Topological Sort and Graph Search

1. Reading
2. Video
3. Learning Goals
4. Topological Sort
- 4.1. A First Algorithm for Topological Sort
  - 4.1.1. Running Time
5. Aside: Dense vs Sparse
6. A Better Topological Sort
7. Graph Search
8. Practice Problems
9. Learning Block

1 Reading

Read Bailey sections 16.4.1 and 16.4.2

2 Video

Here is a video lecture for today's lesson.

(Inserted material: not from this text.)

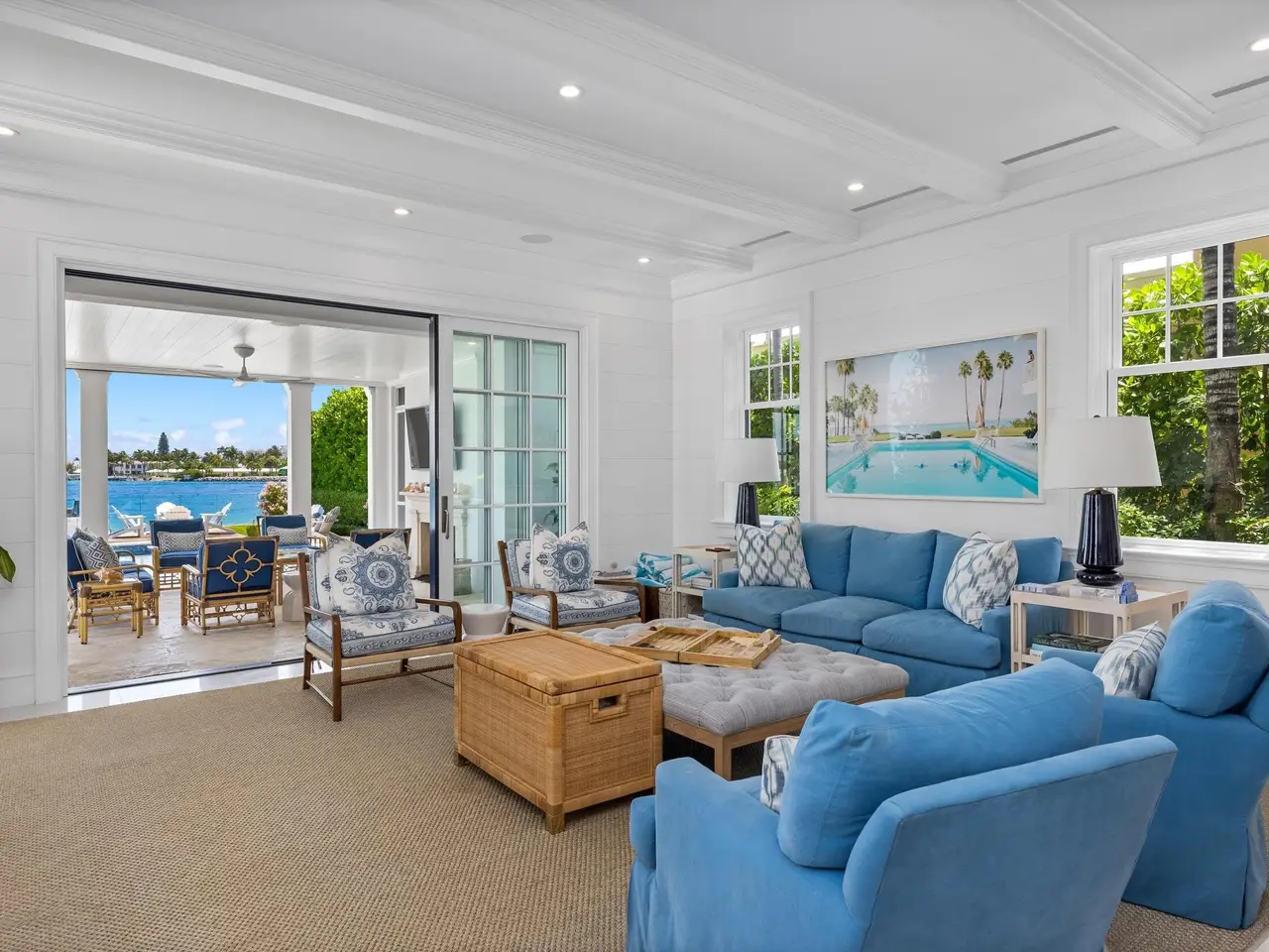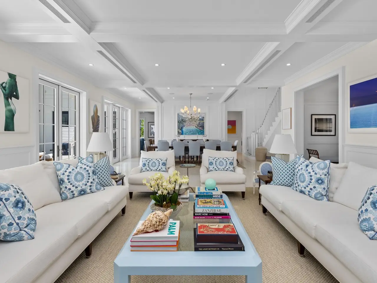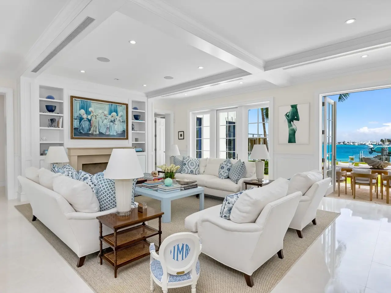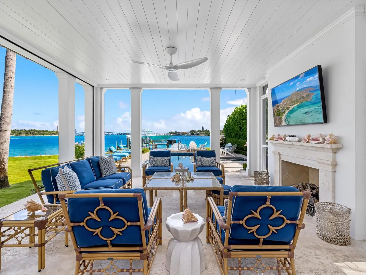 Stately fireplace with Bahamian blue water colors

The video contains sections on

Topological sort intro (0:25)
A first algorithm for topological sort (4:23)
Analyzing topological sort (9:31)
Dense vs sparse graphs (16:32)
Topological sort take 2 (20:27)
Graph traversal (25:02)
Breadth-first and depth-first search (35:18)
Shortest paths with BFS (40:20)
BFS vs DFS (46:50)
Shortest paths on a weighted graph (48:26)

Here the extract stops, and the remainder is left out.